Two identical ballons are filled, one w/ argon the other w/ oxygen gas at the same temp. If the oxygen ballon leaks at the rate of 64 mL per hour, how many hours will it take the argon ballon to lose 195mL of argon gas?
formula:
rate 1/rate 2=square root of m1/m2
You have posted the wrong formula.
Its r1/r2 = sqrt(M2/M1).
Let me know if that doesn't do it for you.
To find the number of hours it will take for the argon balloon to lose 195 mL of argon gas, we need to use the given formula:
rate1 / rate2 = √(m1 / m2)
Where:
rate1 is the leak rate of the oxygen balloon (64 mL/hour)

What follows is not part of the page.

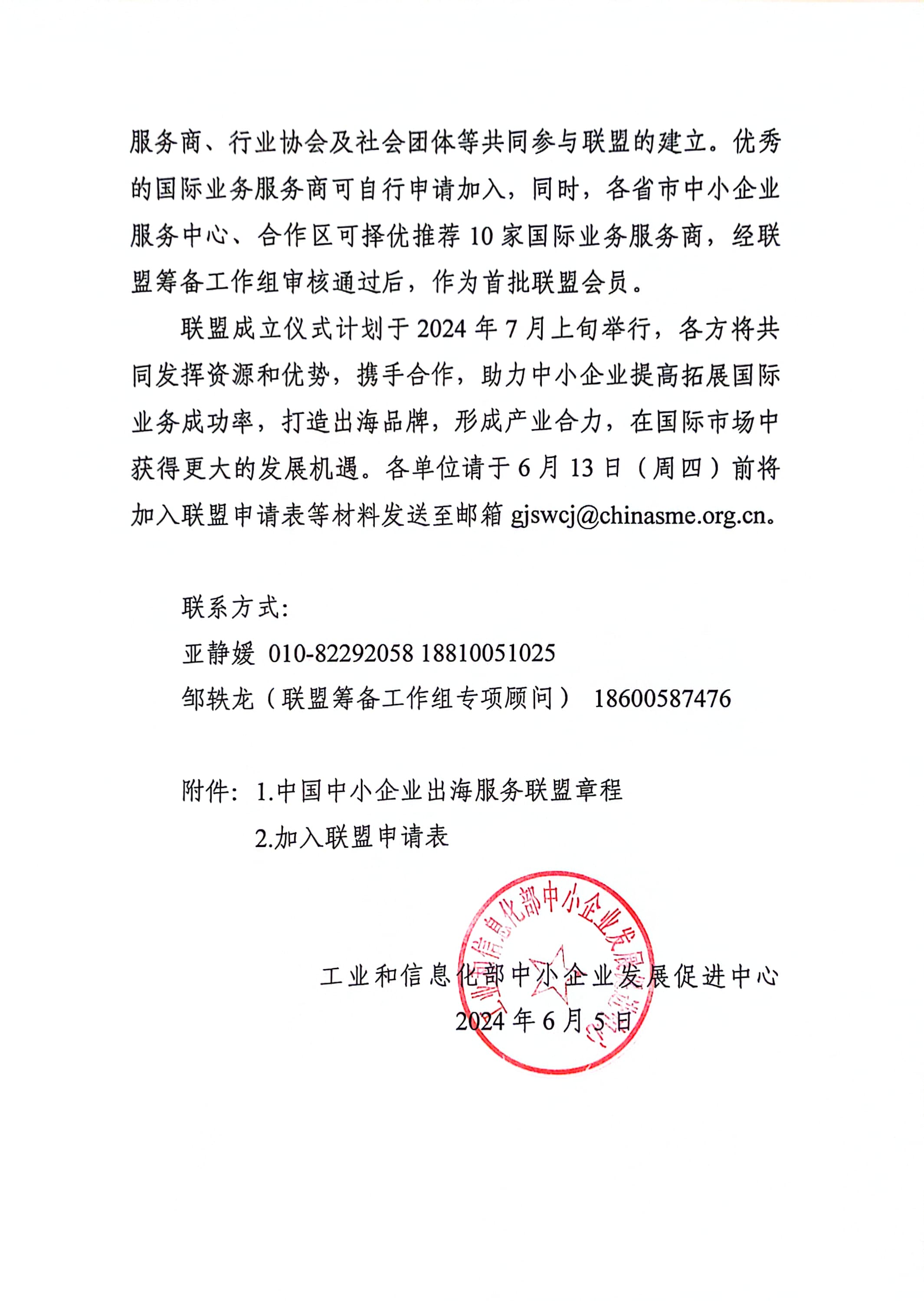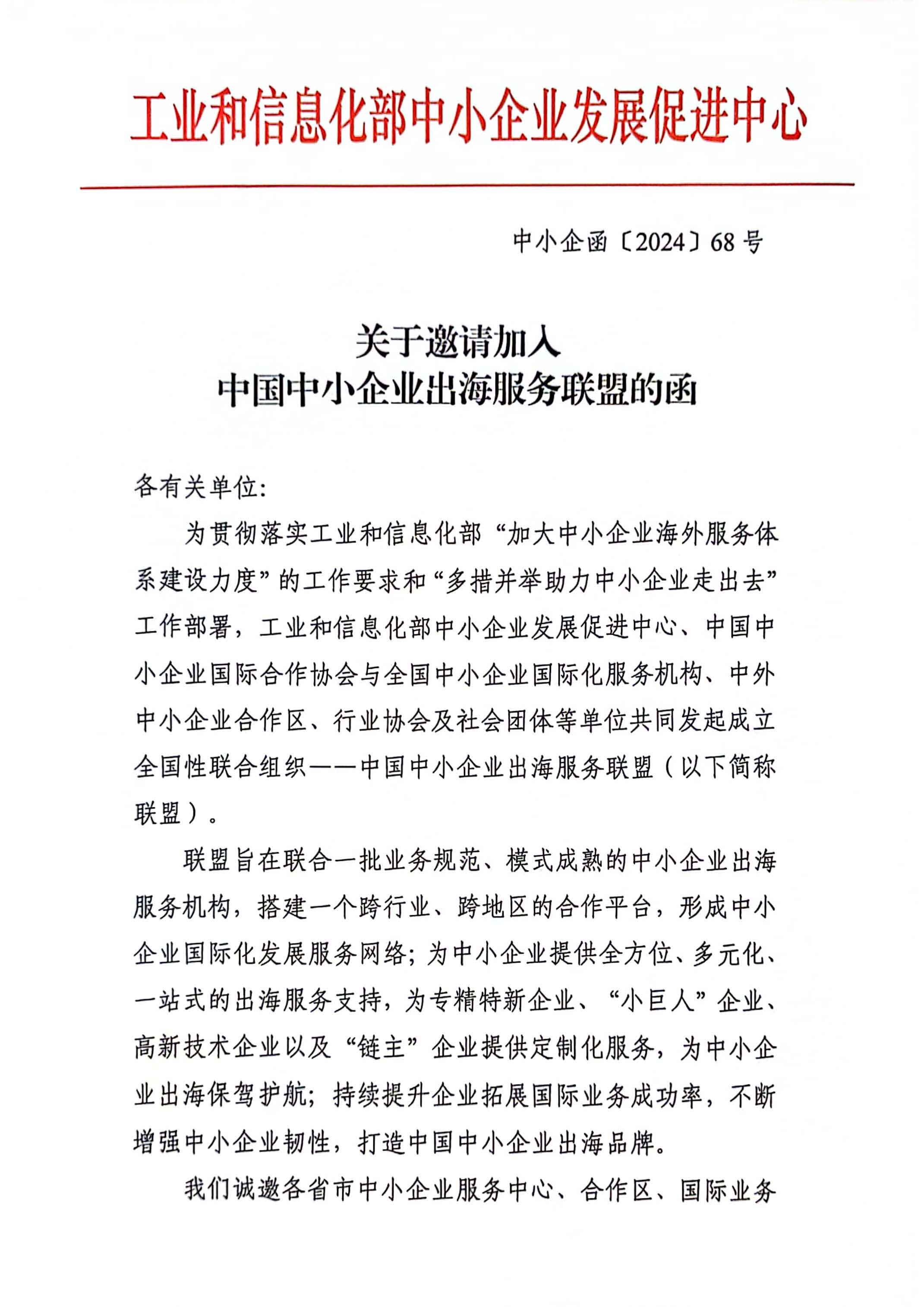 關(guān)于邀請(qǐng)加入中國中小企業(yè)出海服務(wù)聯(lián)盟的函

rate2 is the leak rate of the argon balloon (unknown)
m1 is the initial amount of gas in the oxygen balloon (unknown)
m2 is the initial amount of gas in the argon balloon (unknown)
We can rearrange the formula to solve for rate2:
rate2 = rate1 * √(m1 / m2)
Since the balloons are identical and filled at the same temperature, we can assume that m1 = m2.
Let's substitute the given values into the formula and solve for rate2:
rate2 = 64 * √(m1 / m1)
Since m1 = m2, the formula simplifies to:
rate2 = 64 * √(1)
The square root of 1 is 1, so the formula further simplifies to:
rate2 = 64 * 1
rate2 = 64 mL/hour
Therefore, the leak rate of the argon balloon is also 64 mL/hour.
Now, to find the number of hours it will take for the argon balloon to lose 195 mL of argon gas, we can set up the following equation:
rate2 * time = 195
Substituting rate2 with 64 mL/hour:
64 * time = 195
Solving for time:
time = 195 / 64
time ≈ 3.04 hours
Therefore, it will take approximately 3.04 hours for the argon balloon to lose 195 mL of argon gas.